Солнце за нас! - Алексей Щербаков
Шрифт:
Интервал:
Закладка:
Так вот. Разумеется, господ офицеров первоначально не особо перло, что ими командует мичман[46].
Но Раскольников, может, был и не Ушаковым, но оказался совсем не слабым мужиком. Для начала он построил и злостно поимел матросские Советы. Благо на Черноморском флоте в них рулили эсеры, так что в Москве к этому отнеслись с пониманием. А потом флот вел боевые действия против турок и грузинских сепаратистов, что офицеры только одобряли. И десанты высаживали, и города брали[47]. Дальше пошло ещё веселее Раскольников развернул на Черном море нестоящую пиратскую войну, в ходе которой наши моряки топили и захватывали все суда, которые им не нравились. В общем, Раскольников стал легендой, эдаким корсаром, которому всё по фигу. Захочет — чего угодно добьется, а кому не нравится — может тут же на рее повесить. Впрочем, это было не для печати. Формально черноморские краснофлотцы выглядели белыми и пушистыми.
Ну, вот, суда пришлепали в Италию. Они привезли уголь, а взамен брали всякие промышленные товары. Самыми главными из низ были тракторы. Их в Милане было гораздо больше, чем нужно ломбардцам. Машины были своеобразные, приспособленные под нужды сельского хозяйства, где не наблюдалось бескрайних полей. Да и обслуживались они с помощью ломика и чьей-то матери. Как говорили, для России с её крестьянскими наделами и чересполосицей — самое то. Но это говорили. Сам-то Максим о сельском хозяйстве знал только то, что макароны точно на полях не растут.
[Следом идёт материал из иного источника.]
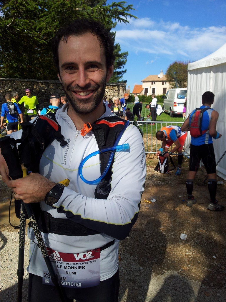 Les gens hurlent et nous félicitent, alors qu'ils ne nous connaissent même pas. C'est ça l'ambiance Trail et Ultra-Trail, je vois Suzie sur le côté qui m'encourage, plus que 10m à faire en compagnie de Bertrand et on passe ensemble le portique d'arrivée très reconnaissable des Templiers.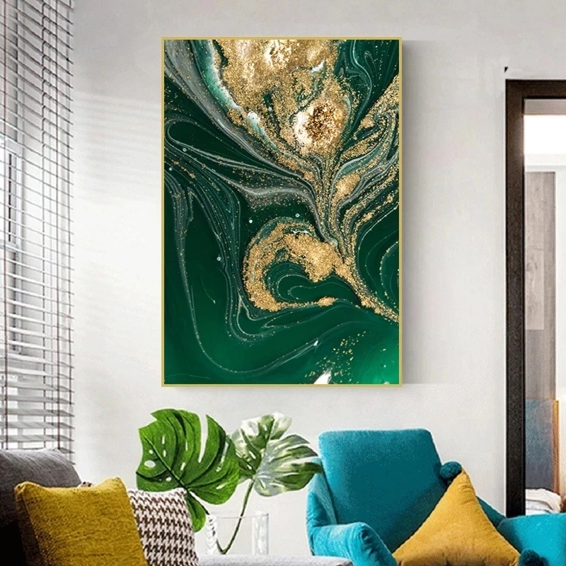 Картина большого размера на холсте, настенная живопись с золотым де...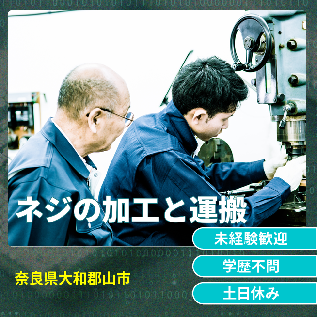 給与詳細 月収例 269,375円 日給例 10,000円 勤務地 奈良県大和郡山市 仕事内容 【ネジの加工業務】

Однако в поставке тракторов был и серьезный политический смысл. Как понял Максим из прессы и закрытых инструкций РОСТА, поставка тракторов имела большое политическое значение. В СССР началось какое-то шевеление насчет коллективизации. Вроде бы, рано. Хотя — что Максим знал об истории? Тем более, что в этом мире она шла не так. Может, Коньков втюхал что-то самым главным товарищам. А что тот мог втереть советскому руководству, Максим даже представить был не способен, потому, что совершенно не владел вопросом, а ещё меньше понимал, что в этой жизни нужно Конькову. Он только въехал, что Сергей смотрел на многие вопросы с какой-то ну очень странной позиции.
Ну, да и ладно. Работать на РОСТА было куда интереснее, чем в том мире — на унылых немецких долбодятлов. Вот и работаем.
Их-то выдернули из Парижа совсем не для того, чтобы отследить погрузку тракторов. Было иное, куда более интересное. Вместе с грузовыми пароходами из Одессы приперся и пассажирский. Он был предназначен для итальянских рабочих, решившихся отвалить в СССР. Таких имелось немало. Гражданская война и наполовину работающие заводы многих уже достали. В особенности — квалифицированных рабочих. Максим достаточно потерся среди представителей пролетариата, чтобы понять: среди квалифицированных рабочих тех, кто любит свою работу, гораздо, больше, нежели среди интеллигентов. А вот нормальной работы в Ломбардии не имелось. И податься работягам было некуда. Во Францию или в Германию? Так ведь там профсоюзы. Они, конечно, были за классовую солидарность — но не когда собрат по классу отбивает у тебя работу или сбивает расценки. Так что "аристократические" профсоюзы[48] были, как правило, "буржуазными". И пришельцев они не жаловали. А если тебя не любит профсоюз — нормальной работы ты не получишь. САСШ? Так там в последнее время выходцев из Италии принимали без всякого восторга. Потому как рассматривали их как потенциальных революционеров. Вот и оставалось ехать в Россию.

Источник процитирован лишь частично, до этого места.